I attended the National Health Information Technology (HIT) Day festivities held today at the Renaissance Washington hotel as part of a HIMSS summit conference. I heard four policymaker speeches.
The first speaker was Dr. Carolyn Clancy, the Director of HHS’s Agency for Healthcare Research and Quality (AHRQ). Dr. Clancy believes that health care information technology will power health care transformation by increasing efficient care delivery, improving patient safety, and empowering consumers. She identified the organizing principle as quality and she said that we must use health IT to build an evidence base to tell consumers, payers, and providers which health care services and supplies work and what does not work.
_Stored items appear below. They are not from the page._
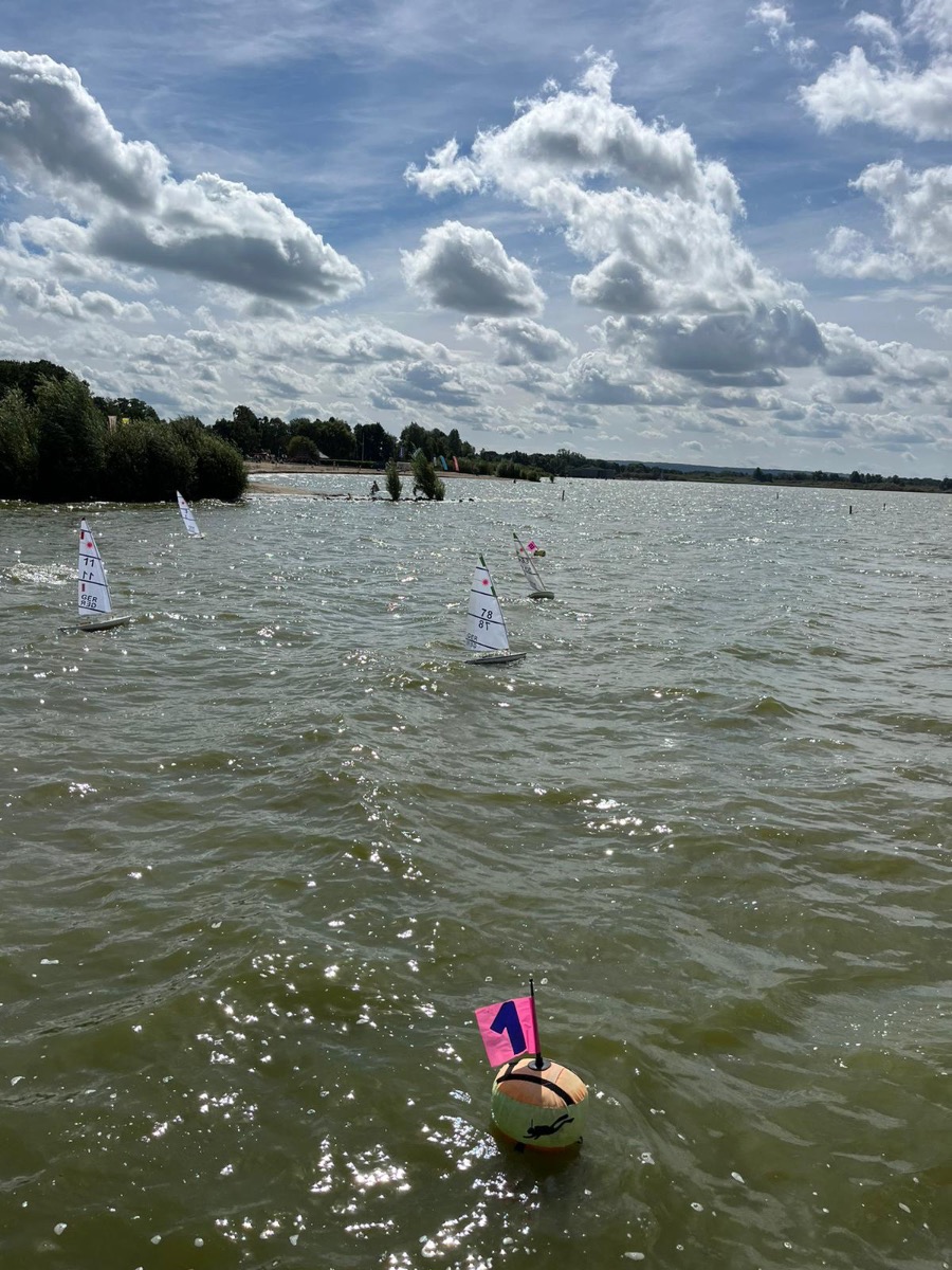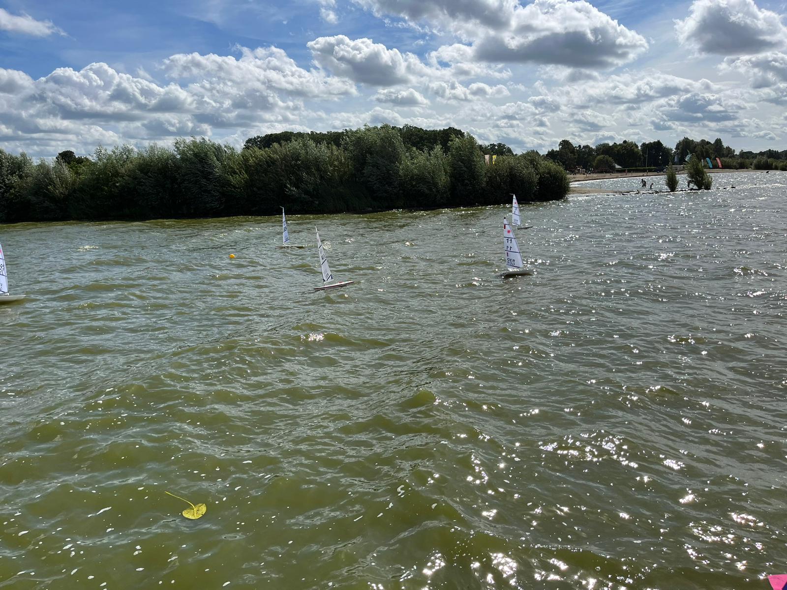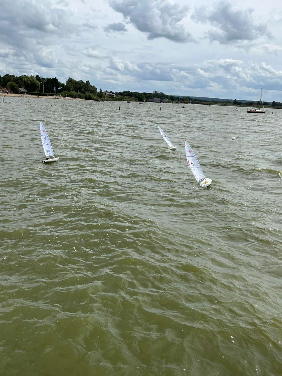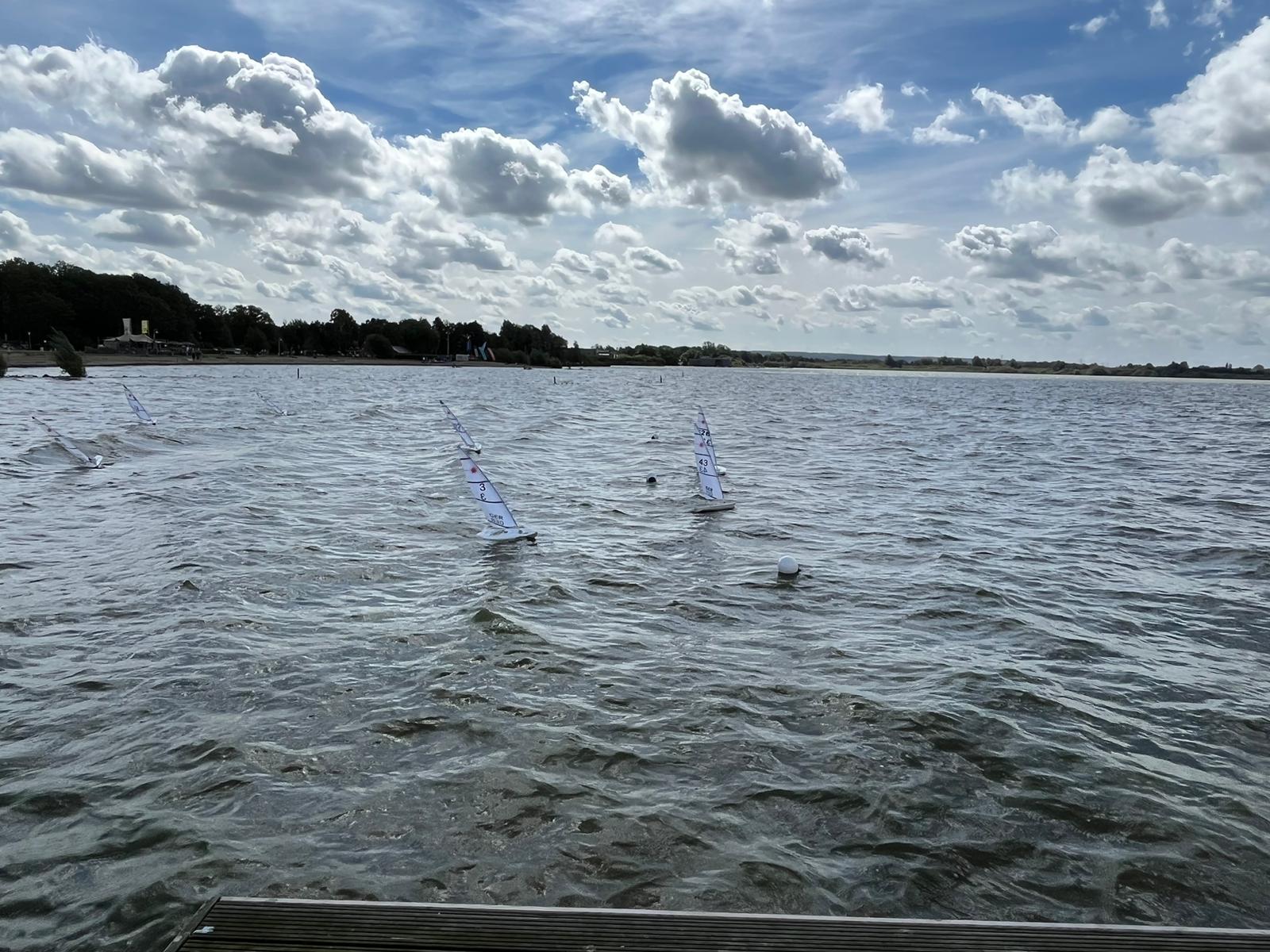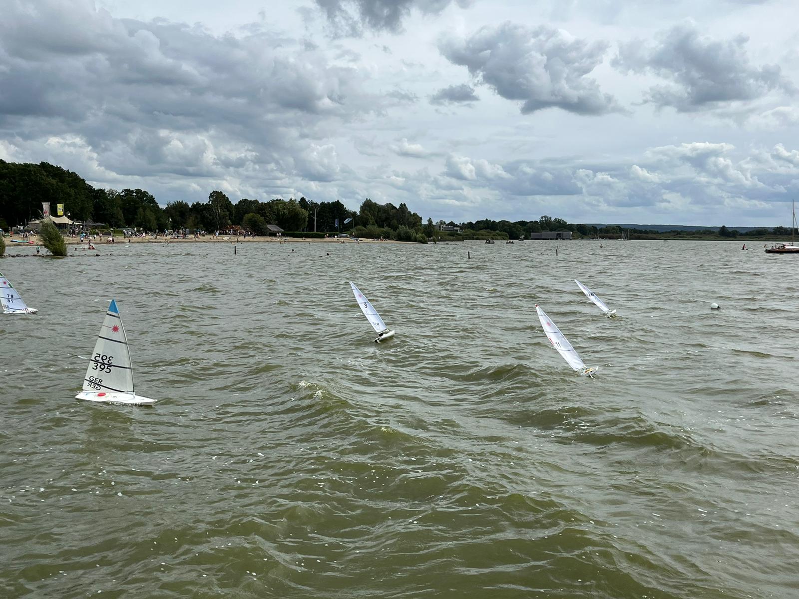 Die Wetterbedingungen waren sehr gut: trocken, sonnig mit Temperaturen über 20 Grad und wechselnden C-/B-Segelbedingungen ziemlich konstant aus West ohne große Dreher. Dadurch, dass sich die Welle über eine lange Strecke über den See aufbauen konnte, waren die Wellen im Regattagebiet relativ zur Bootsgröße recht groß und etwas ungewohnt, da es auf den meisten anderen RC Segelrevieren doch mehr kleinere Wellen gibt.
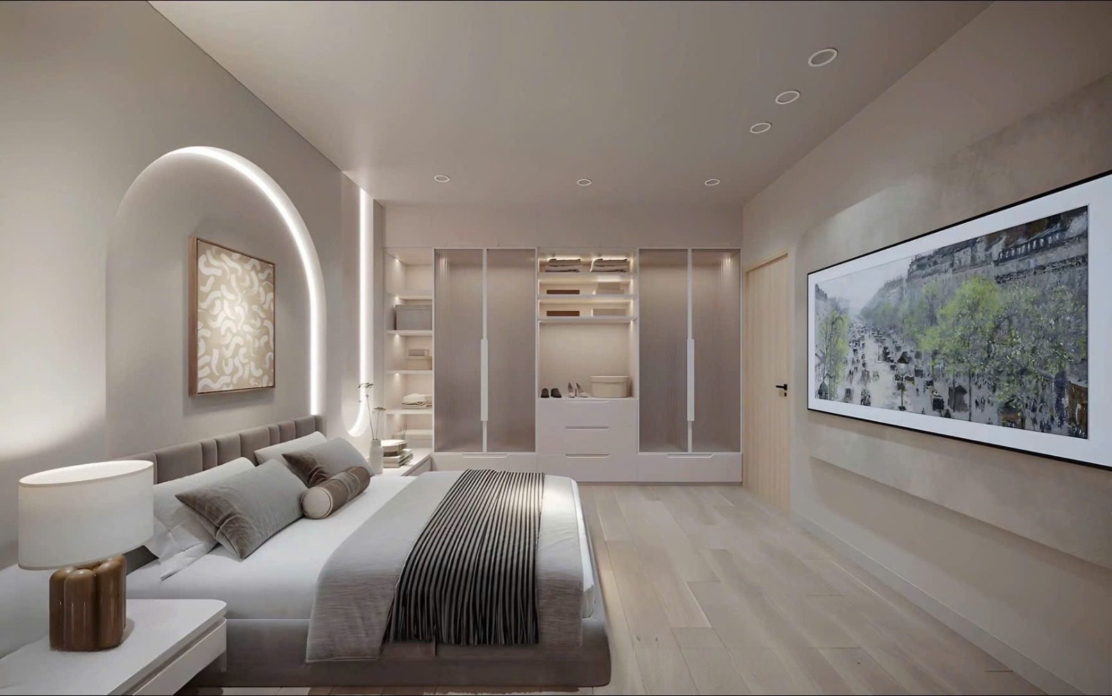 Không gian phòng ngủ không phô trương, nhưng đủ tinh tế để mang lại cảm giác an toàn và riêng tư.
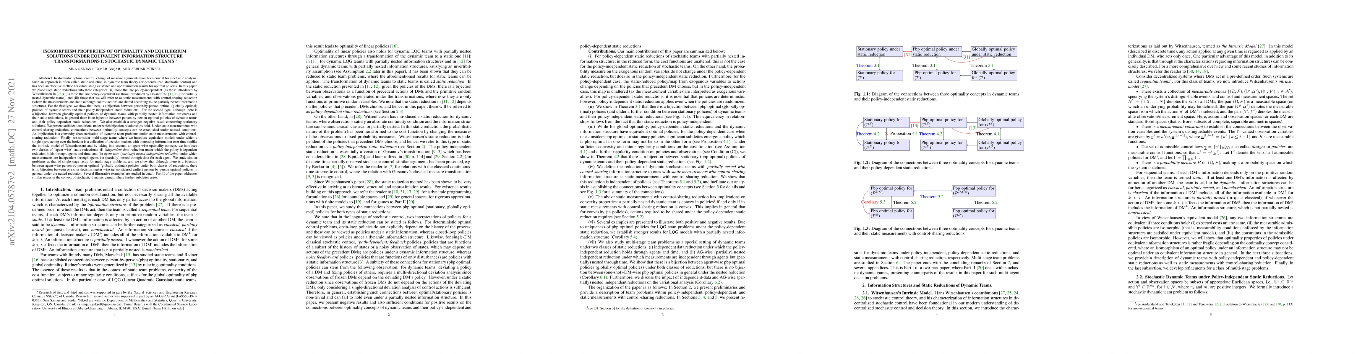 In stochastic optimal control, change of measure arguments have been crucial for stochastic analysis. Such an approach is often called static reduction in dynamic team theory (or decentralized stochastic control) and has been an effective method for establishing existence and approximation results for optimal policies. In this paper, we place such static reductions into three categories: (i) those that are policy-independent (as those introduced by Witsenhausen), (ii) those that are policy-dependent (as those introduced by Ho and Chu for partially nested dynamic teams), and (iii) those that we will refer to as static measurements with control-sharing reduction (where the measurements are static although control actions are shared according to the partially nested information structure). For the first type, we show that there is a bijection between person-by-person optimal (globally optimal) policies of dynamic teams and their policy-independent static reductions. For the second type, although there is a bijection between globally optimal policies of dynamic teams with partially nested information structures and their static reductions, in general there is no bijection between person-by-person optimal policies of dynamic teams and their policy-dependent static reductions. We also establish a stronger negative result concerning stationary solutions. We present sufficient conditions under which bijection relationships hold. Under static measurements with control-sharing reduction, connections between optimality concepts can be established under relaxed conditions. An implication is a convexity characterization of dynamic team problems under static measurements with control-sharing reduction. Finally, we introduce multi-stage refinements of such reductions. Part II of the paper addresses similar issues in the context of stochastic dynamic games, where further subtleties arise.

This should create a stronger, more transparent health care market.
Former House Speaker Newt Gingrich , who now leads the Center for Health Transformation, emphasized the need to set the right health information technology standards the first time — standards that are market oriented, and will maximize innovation and adoption. Those standards should not be command driven but rather should be recognized to work in the real world by providing true interoperability.
Dr. David Brailer, vice chair of the American Health Information Community, informed the audience that HHS Secretary approved the AHIC workgroup breakthrough objectives on May 16 and that the ANSI Health Information Technology Standards Panel (HITSP) will create standards for these objectives by September 2006. Then it will be up to the federal agencies to use its procurement leverage and encourage rapid implementation of those standards by government contractors, thereby stimulating demand in the marketplace. Also in the late summer, the Certification Commission for Health Information Technology (CCHIT) will begin certifying HIT products. Business and technical processes must move together.
Dr. Mark McClellan, the Administrator of HHS’s Center for Medicare and Medicaid Services, reported that critical mass around health information technology is coming together. He mentioned a May 23 Mathematica study on how six types of HIT are improving hospital quality of care. He is noted the health care provider community’s argument that health plans not the providers will enjoy increased profitability from the improved quality created by health informaiton technology. He reported that CMS is working hard to pay more Medicare and Medicaid benefits for better quality of care and better outcomes. CMS has created several public-private quality alliances, such as AQA and the Medicare care management demonstration project, to create valid, consensus based quality measures. He also reported that by late summer 2006 HHS will issue final Stark Act regulations to encourage donation of health information technology.